Quote from Random.Capital:
And here's the proof that common sense is not so common.
It's a free bet - the cost to play is zero - they are by definition both excellent bets because the expectancy on both is an infinite multiple of the risk.
Yeah, but the question is, which is <i>better</i>. But good point.
Quote from sittingduck:
1- Four cards are dealt off the top of a well shuffled deck. You have a choice:
(a) To win $1 if the first card is a club, and the second a diamond, and the third is a heart, and the fourth is a spade, in this order.
(b) To win $1 if the four cards are of four different suits, in any order.
Which option is better?
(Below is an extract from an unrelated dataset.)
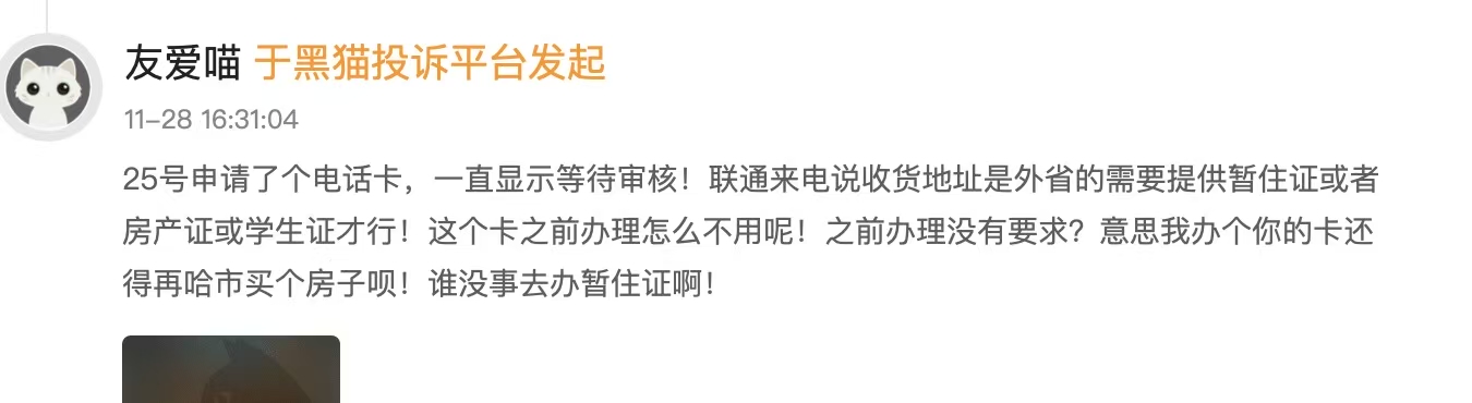 有网友于2024年11月投诉中国联通称,其申请电话卡后,联通来电说收货地址是外省的需要提供暂住证或者房产证或学生证才行。“这个卡之前办理怎么没有这些要求呢?我办个卡还得再买个房子呗,谁没事去办暂住证啊。”该网友吐槽道。
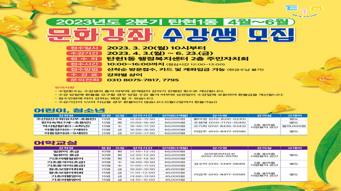 [부자동네타임즈 김인수기자] 고양특례시 탄현1동 주민자치회는 2023년 2분기(4~6월) 주민자치센터 문화강좌 신규 수강생을 모집할 계획이다. 3월 20일부터 동 행정복지 센터 2층 주민자치회실에서 수강 접수를 받으며 4월 3일부터 프로그램 운영을 시작한다

Or are they equivalent?
Justify by showing what is the probability in each case.
(a)
Card #1 = 13/52 chance
Card #2 = 13/51 chance
Card #3 = 13/50 chance
Card #4 = 13/49 chance
(b)
Card #1 = 52/52 chance
Card #2 = 39/51 chance
Card #3 = 26/50 chance
Card #4 = 13/49 chance
I'd say B looks easier
Quote from Random.Capital:
And here's the proof that common sense is not so common.
It's a free bet - the cost to play is zero - they are by definition both excellent bets because the expectancy on both is an infinite multiple of the risk.
That's the best answer I have seen!
Commonsensical all the way.
B is the best probability of prevailing.